DATA FOR THIS TASK:
+++++

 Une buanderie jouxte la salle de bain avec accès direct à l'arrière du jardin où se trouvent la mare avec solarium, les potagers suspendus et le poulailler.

+++++

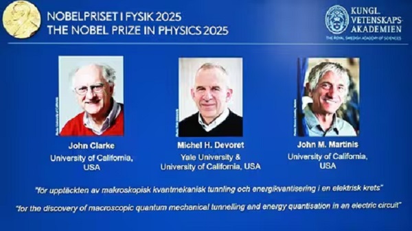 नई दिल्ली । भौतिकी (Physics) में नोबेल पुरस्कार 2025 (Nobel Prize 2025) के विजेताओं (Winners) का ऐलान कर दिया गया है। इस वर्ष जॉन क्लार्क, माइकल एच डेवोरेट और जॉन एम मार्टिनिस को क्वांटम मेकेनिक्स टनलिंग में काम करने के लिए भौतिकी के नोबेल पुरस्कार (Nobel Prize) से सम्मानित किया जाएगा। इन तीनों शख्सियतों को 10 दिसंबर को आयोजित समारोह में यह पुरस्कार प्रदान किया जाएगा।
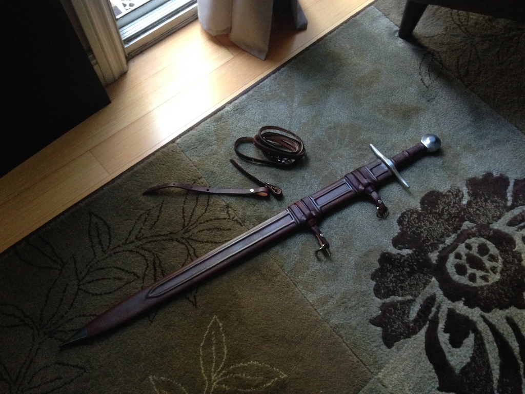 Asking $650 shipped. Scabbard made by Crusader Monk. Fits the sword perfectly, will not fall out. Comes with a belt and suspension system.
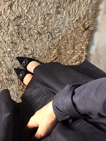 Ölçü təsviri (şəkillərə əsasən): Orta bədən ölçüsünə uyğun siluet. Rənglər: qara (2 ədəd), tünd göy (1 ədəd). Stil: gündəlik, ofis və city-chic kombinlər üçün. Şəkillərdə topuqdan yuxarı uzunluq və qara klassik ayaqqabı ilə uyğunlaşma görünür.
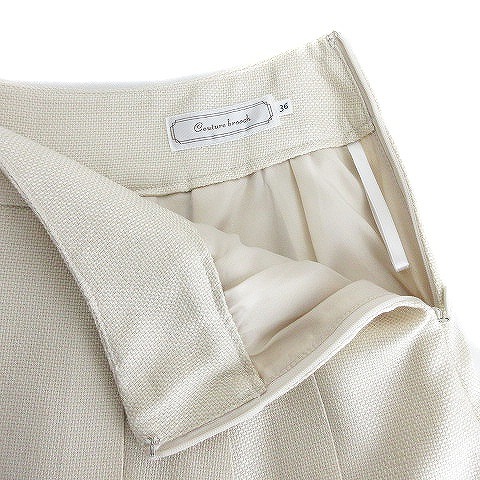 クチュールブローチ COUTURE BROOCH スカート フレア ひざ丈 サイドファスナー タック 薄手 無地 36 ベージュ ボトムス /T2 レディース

+++++

ASSIGNMENT:
In the data above, take the line with "Ölçü təsviri (şəkillərə", the line with "クチュールブローチ COUTURE BROOCH", and every line between, and set them down exactly without pictures.

FINAL ANSWER:
 Ölçü təsviri (şəkillərə əsasən): Orta bədən ölçüsünə uyğun siluet. Rənglər: qara (2 ədəd), tünd göy (1 ədəd). Stil: gündəlik, ofis və city-chic kombinlər üçün. Şəkillərdə topuqdan yuxarı uzunluq və qara klassik ayaqqabı ilə uyğunlaşma görünür.
 クチュールブローチ COUTURE BROOCH スカート フレア ひざ丈 サイドファスナー タック 薄手 無地 36 ベージュ ボトムス /T2 レディース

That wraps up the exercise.